Isto é a força de trabalho — ou capacidade de trabalho, identidade apontada por Marx mesmo. Ser capaz de trabalhar é ser capaz de colocar em movimento corpo e personalidade. Um indivíduo capaz de trabalho é um indivíduo que está biológica e socialmente atrelado ao domínio linguístico de uma comunidade surgido ao longo das gerações que o antecederam. Toda conduta linguística é o resultado de nossa congruência com o meio, garantida pela vida em comunidade.

O trabalho é sempre uma prática significada, efetiva e adequada num contexto social assinalado; sempre manifesta uma efetividade operacional no domínio de existência do ser humano.

Algumas perguntas pertinentes:
Trabalho: quem determina seus significados? quem os pronuncia?
Trabalho: adequado a que fim? congruente com que meio?

É a ampliação gradual do modo de vida humano nestes domínios cognitivos — na dialética entre corporalidade e personalidade — o que confere à espécie a característica reflexiva, consciente, tão peculiar dentre todas as outras espécies do reino animal. Essa participação cada vez maior nos domínios cognitivos, causa e efeito da evolução humana, conferiu-nos crescente habilidade de aprendizagem, através de comportamentos comunicativos típicos do fenômeno social.

Nossa conduta comunicativa — frisaremos agora — é social, nossa conduta social é comunicativa. Dessa constatação podemos extrair algumas considerações.

Organização social para o trabalho

O trabalho em si, enquanto prática de conhecimento efetiva, tem a finalidade de garantir a sobrevivência das pessoas em um dado ecossistema. Para que o trabalho garanta sobrevivência, e considerando a complexidade existente nos ambientes naturais, já podemos imaginar que um longo período de tempo seja necessário. Ou seja, é preciso certo tempo para que as pessoas aprendam a lidar com as plantas, com os animais, com o clima, relevo, rios, enfim, com os componentes bióticos e abióticos do sistema ecológico no qual vivem.

Entendemos por conduta cultural a estabilidade transgeracional de configurações comportamentais ontogenicamente adquiridas na dinâmica comunicativa de um meio social

Tópicos a desenvolver:

  • Diversidade e conduta cultural: sentido ampliado para o processo de trabalho. Tanto sua prática, quanto seus objetos quanto seus meios respondem aos sentidos produzidos pelos povos (aproximações com sistema comunal, rompimento com ideologia burguesa e do marxismo vulgar do progresso, com transformação na periferia do capital, socialismo indo-americano (nota Novaes, mundo trabalho associado);
  • Evolução do modo humano de existência e comunidade: a legitimação do outro na convivência como condição do processo social de trabalho.
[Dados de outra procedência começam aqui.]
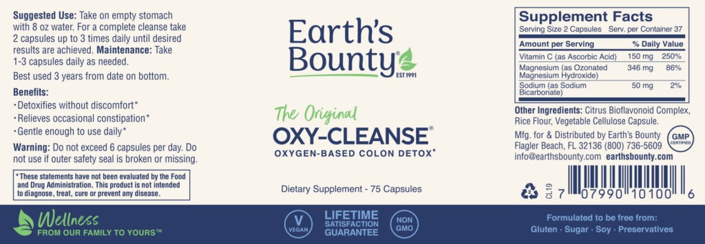 I was introduced to Oxy-Cleanse by a nutritionist many years ago. I am loyal to this product and this company ever since. Earth’s Bounty has been consistent with ordering and delivery….5 stars. The product itself is everything it claims to be…exceptional for colon health.
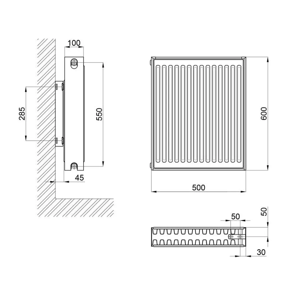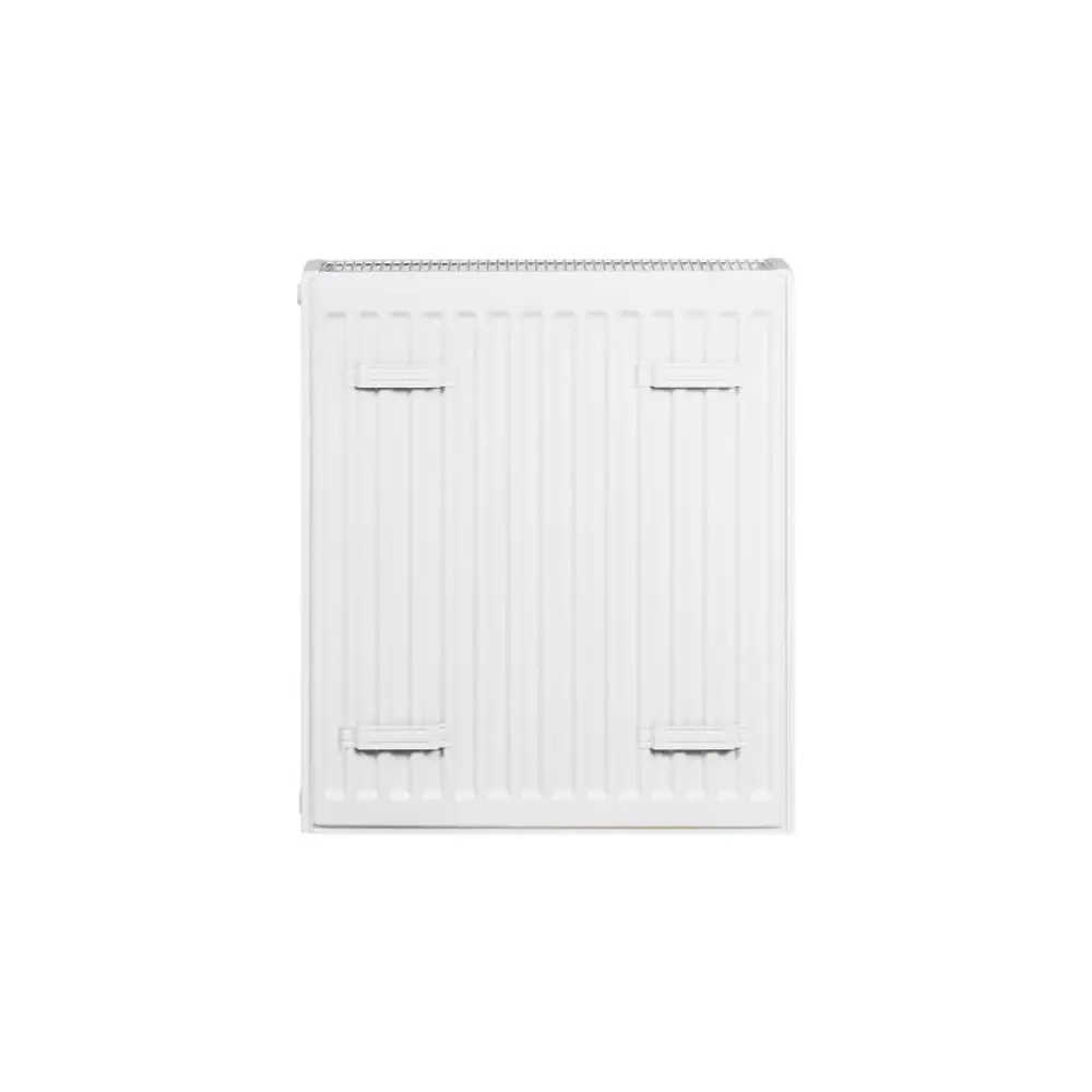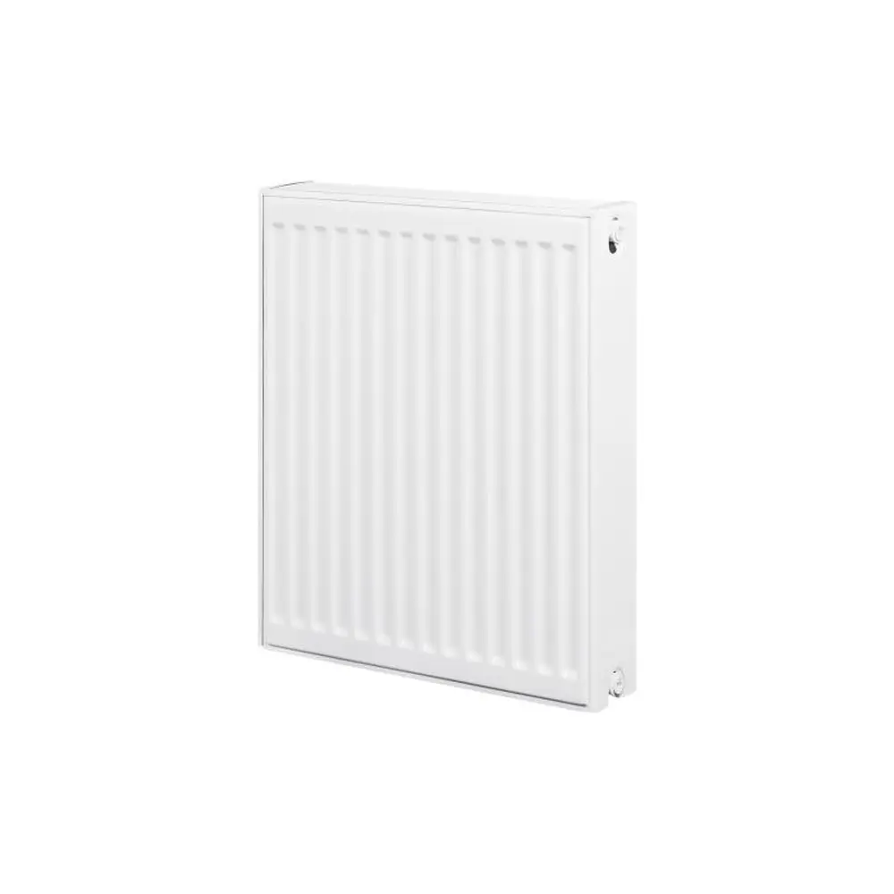 Радіатор сталевий Aquatronic 22 тип 600х500 нижнє підключення — опалювальний прилад для встановлення в автономних системах (як з примусовою, так і з природною циркуляцією теплоносія). Можливе також бічне приєднання виробу. Усі необхідні для монтажу на стіну деталі та кран Маєвського поставляються в комплекті. Верхнє покриття стійке до стирання, білого кольору. Робоча температура носія – 110 °С.
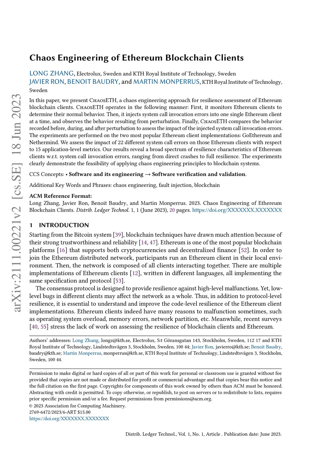In this paper, we present ChaosETH, a chaos engineering approach for resilience assessment of Ethereum blockchain clients. ChaosETH operates in the following manner: First, it monitors Ethereum clients to determine their normal behavior. Then, it injects system call invocation errors into one single Ethereum client at a time, and observes the behavior resulting from perturbation. Finally, ChaosETH compares the behavior recorded before, during, and after perturbation to assess the impact of the injected system call invocation errors. The experiments are performed on the two most popular Ethereum client implementations: GoEthereum and Nethermind. We assess the impact of 22 different system call errors on those Ethereum clients with respect to 15 application-level metrics. Our results reveal a broad spectrum of resilience characteristics of Ethereum clients w.r.t. system call invocation errors, ranging from direct crashes to full resilience. The experiments clearly demonstrate the feasibility of applying chaos engineering principles to blockchain systems.

Ideia de comuna como perspectiva ontológica, tensionamentos entre perspectiva individualista (empreendedorismo neoliberal) e coletivista (autogestão comunal); sistema comunal andino e sociedade comunal do futuro (nota Nascimento).
  • Domínio capitalista do processo de trabalho, psicopatologia e sociopatologia: alienação, separação e fragmentação dos domínios populares (nota Novaes, mundo trabalho associado);
  • Resistência social e tecnologia social como plataforma cognitiva de outra organização social para o trabalho: economia solidária, mundo do trabalho associado e embriões sociotécnicos para além do capital.